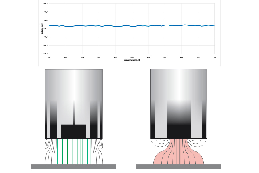 Los sensores capacitivos funcionan por detección de cambios en la capacitancia. En los condensadores de placas, la capacitancia entre dos placas de tamaño constante cambia cuando se modifica la distancia o se introduce un dieléctrico en el hueco de medición. En el método de medición capacitiva, el sensor (electrodo de medición) y el objeto de medición conductor actúan como un condensador de placa ideal. Si por el condensador del sensor fluye una corriente alterna de frecuencia constante, la amplitud de la tensión alterna en el sensor es proporcional a la distancia del objeto de medición (electrodo de masa). Para una medición constante, se requiere una constante dieléctrica invariable entre el sensor y el objeto a medir.
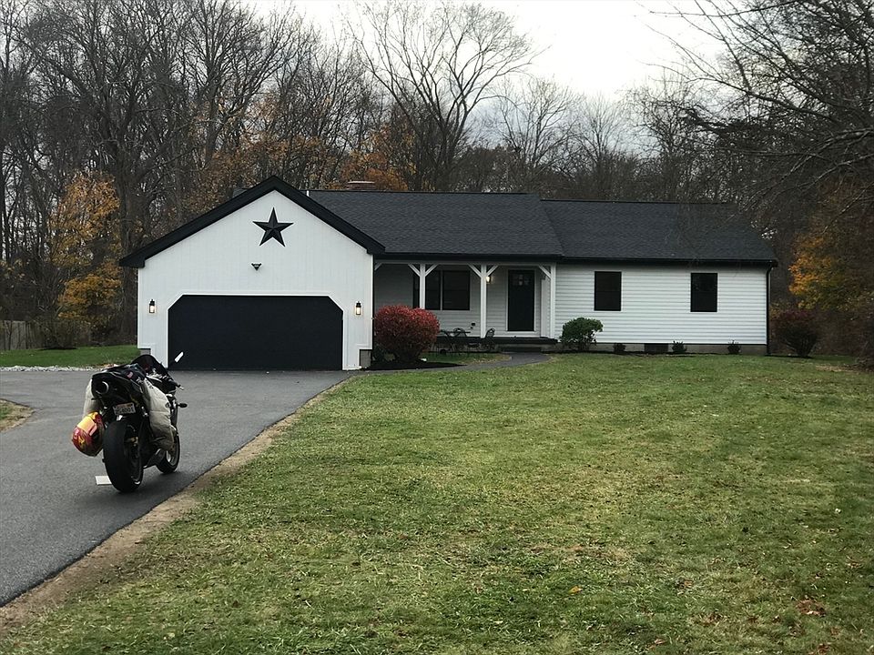 Oversized remodeled expansive ranch approx 2600 sq ft with stunning In-law set up. 5 bedrooms w 2.5 bathrooms. Open floor plan. Cathedral ceiling with exposed beams stunning kitchen w granite countertops, Upscale appliances. Dual fireplace w wood burning stove. New roof, driveway, decks, patio. New black windows, heating system and oil tank. New 30 yr Hardie board siding, Stone Entertainment features through out. Beautiful fully tiled bathrooms. This is truly a " must see" property.
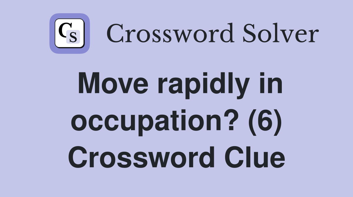 Move rapidly in occupation? (6) Crossword Clue Answers Crossword Solver
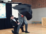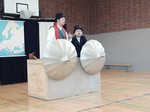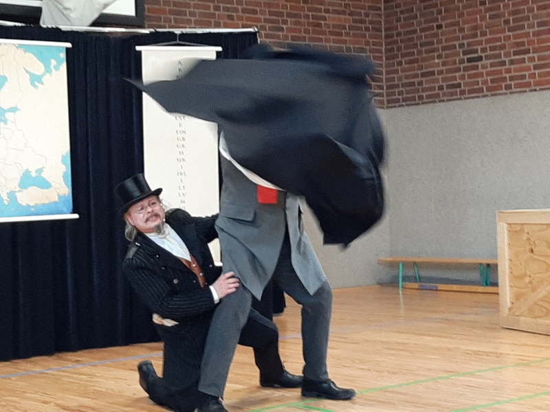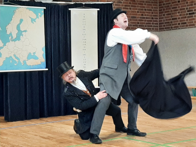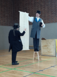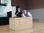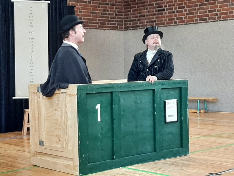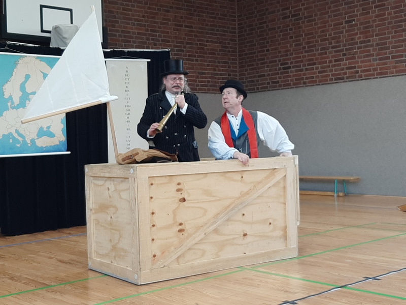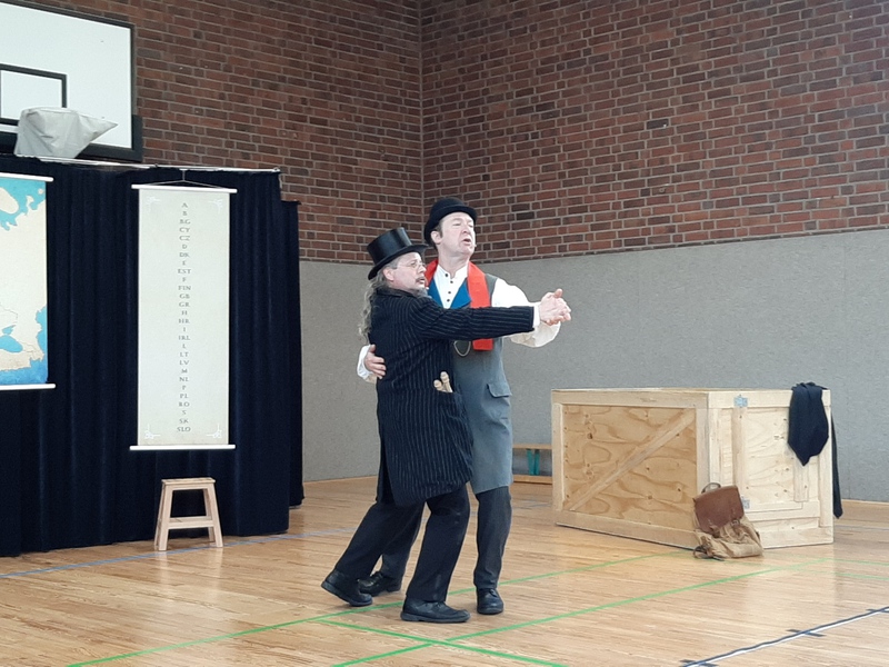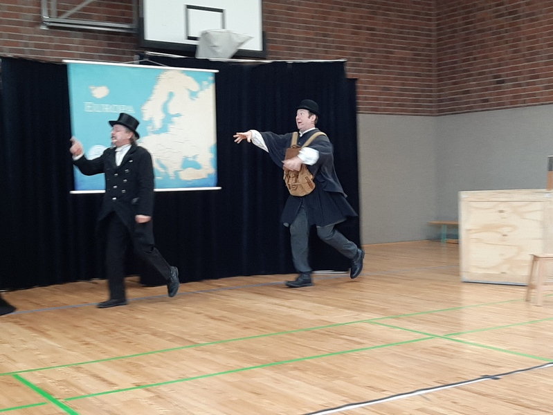 Wie gewohnt gab es zwei Aufführungen in der Turnhalle. Zur ersten Aufführung begaben sich die Zweit- und Viertklässler in die Halle, zur zweiten durften sich Erst- und Drittklässler dort versammeln. Gezeigt wurde eine Fortführung des bekannten und in verschiedenen Formen schon verfilmten Romans "In 80 Tagen um die Welt" von Jules Verne. Phileas Fogg und sein französischer Diener Jean Passepartout (gespielt von Frank Dukowski und Marcell Kaiser) lassen sich nach der Behauptung "Wer Europa nicht kennt, der kennt die Welt nicht!" im Reformklub auf eine neue Wette ein und begeben sich wieder auf eine Reise, diesmal mit den verschiedensten Verkehrsmitteln quer durch Europa. Mit viel Spaß, guter Laune und großartiger musikalischer Unterstützung durch das Pindakaas-Quartett erfuhren die Kinder viel über die verschiedenen Einigartigkeiten europäischer Länder.
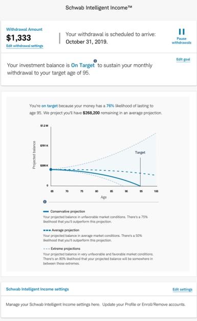 Based on your answers to these questions and other information you provide, Schwab Intelligent Income will calculate and suggest a personalized monthly withdrawal amount. Schwab Intelligent Income runs simulations to project, with varying probabilities, how your portfolio might perform under various market conditions.
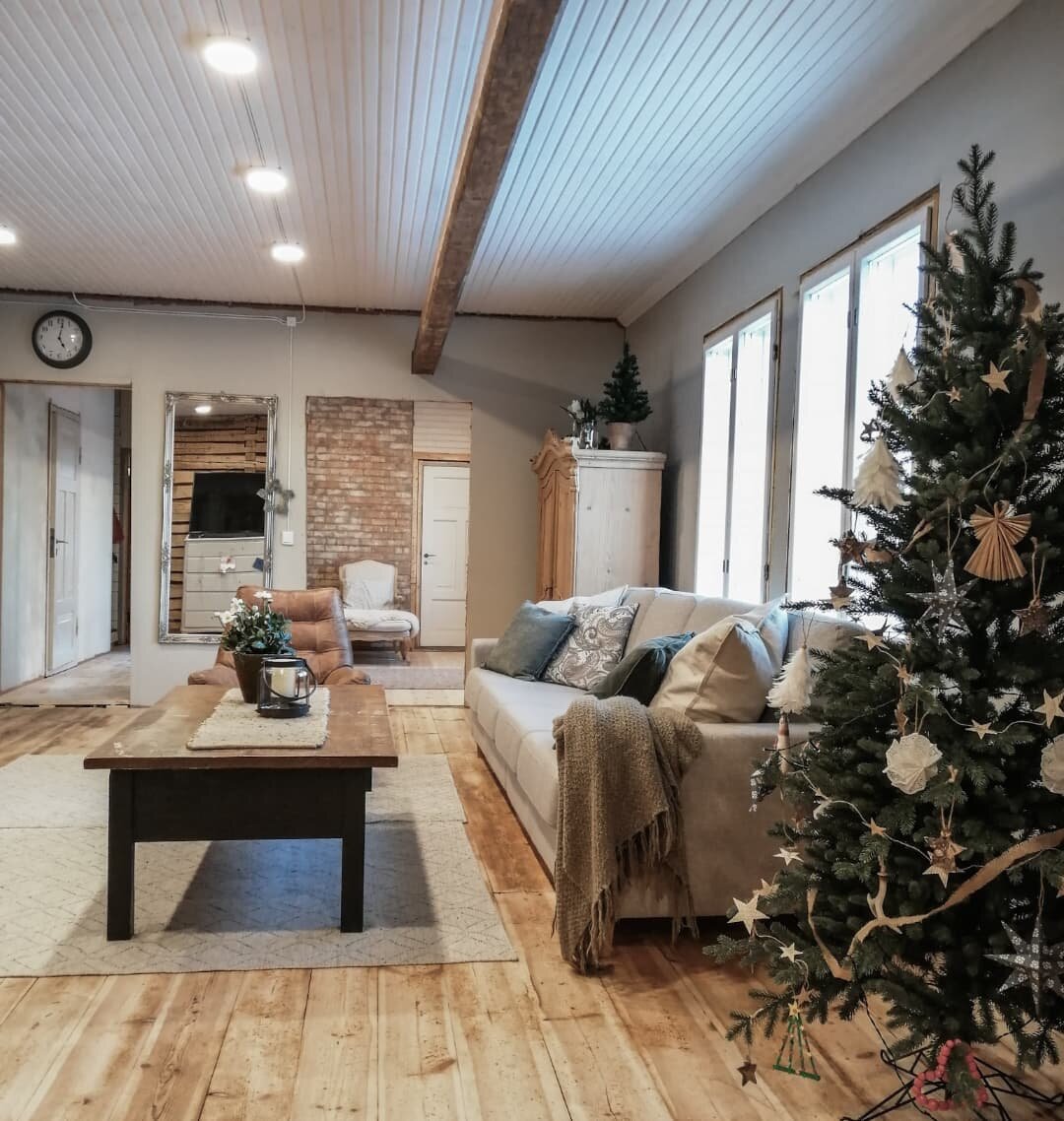 Далеко-далеко на севере, в Финляндии, в регионе Похьянмаа есть удивительный дом - в этом году ему исполняется ровно 100 лет, и живет в нем любящая семья с детьми и щенком ньюфаундленда. Несмотря на солидный возраст, дом выглядит просто потрясающе. Но, конечно, это не получилось само собой - его хозяева вложили огромное количество труда, сил и любви, чтобы он стал таким, какой есть. И это чувствуется даже через фотографии. В своей юности дом выглядел совсем иначе, да и время его не пощадило - многочисленные поколения живших в нем людей перестраивали и перекраивали его на свой лад. Поэтому своим новым жильцам дом преподнес немало сюрпризов - как приятных, так и не очень. Стиль и цветовое решение интерьера явно диктовал сам дом. По крайней мере, несмотря на современные покрытия, хозяева сохранили и мощные потолочные балки, и деревянный пол со стенами, и белую отделку потолка. Обратите внимание на то, как бережно вписаны необходимые технические элементы - практически незаметно, так, чтобы

——

EXERCISE BRIEF
All of the entries, apart from the pictures, must be returned exactly.

RESULT
 Los sensores capacitivos funcionan por detección de cambios en la capacitancia. En los condensadores de placas, la capacitancia entre dos placas de tamaño constante cambia cuando se modifica la distancia o se introduce un dieléctrico en el hueco de medición. En el método de medición capacitiva, el sensor (electrodo de medición) y el objeto de medición conductor actúan como un condensador de placa ideal. Si por el condensador del sensor fluye una corriente alterna de frecuencia constante, la amplitud de la tensión alterna en el sensor es proporcional a la distancia del objeto de medición (electrodo de masa). Para una medición constante, se requiere una constante dieléctrica invariable entre el sensor y el objeto a medir.
 Oversized remodeled expansive ranch approx 2600 sq ft with stunning In-law set up. 5 bedrooms w 2.5 bathrooms. Open floor plan. Cathedral ceiling with exposed beams stunning kitchen w granite countertops, Upscale appliances. Dual fireplace w wood burning stove. New roof, driveway, decks, patio. New black windows, heating system and oil tank. New 30 yr Hardie board siding, Stone Entertainment features through out. Beautiful fully tiled bathrooms. This is truly a " must see" property.
 Move rapidly in occupation? (6) Crossword Clue Answers Crossword Solver
 Wie gewohnt gab es zwei Aufführungen in der Turnhalle. Zur ersten Aufführung begaben sich die Zweit- und Viertklässler in die Halle, zur zweiten durften sich Erst- und Drittklässler dort versammeln. Gezeigt wurde eine Fortführung des bekannten und in verschiedenen Formen schon verfilmten Romans "In 80 Tagen um die Welt" von Jules Verne. Phileas Fogg und sein französischer Diener Jean Passepartout (gespielt von Frank Dukowski und Marcell Kaiser) lassen sich nach der Behauptung "Wer Europa nicht kennt, der kennt die Welt nicht!" im Reformklub auf eine neue Wette ein und begeben sich wieder auf eine Reise, diesmal mit den verschiedensten Verkehrsmitteln quer durch Europa. Mit viel Spaß, guter Laune und großartiger musikalischer Unterstützung durch das Pindakaas-Quartett erfuhren die Kinder viel über die verschiedenen Einigartigkeiten europäischer Länder.
 Based on your answers to these questions and other information you provide, Schwab Intelligent Income will calculate and suggest a personalized monthly withdrawal amount. Schwab Intelligent Income runs simulations to project, with varying probabilities, how your portfolio might perform under various market conditions.
 Далеко-далеко на севере, в Финляндии, в регионе Похьянмаа есть удивительный дом - в этом году ему исполняется ровно 100 лет, и живет в нем любящая семья с детьми и щенком ньюфаундленда. Несмотря на солидный возраст, дом выглядит просто потрясающе. Но, конечно, это не получилось само собой - его хозяева вложили огромное количество труда, сил и любви, чтобы он стал таким, какой есть. И это чувствуется даже через фотографии. В своей юности дом выглядел совсем иначе, да и время его не пощадило - многочисленные поколения живших в нем людей перестраивали и перекраивали его на свой лад. Поэтому своим новым жильцам дом преподнес немало сюрпризов - как приятных, так и не очень. Стиль и цветовое решение интерьера явно диктовал сам дом. По крайней мере, несмотря на современные покрытия, хозяева сохранили и мощные потолочные балки, и деревянный пол со стенами, и белую отделку потолка. Обратите внимание на то, как бережно вписаны необходимые технические элементы - практически незаметно, так, чтобы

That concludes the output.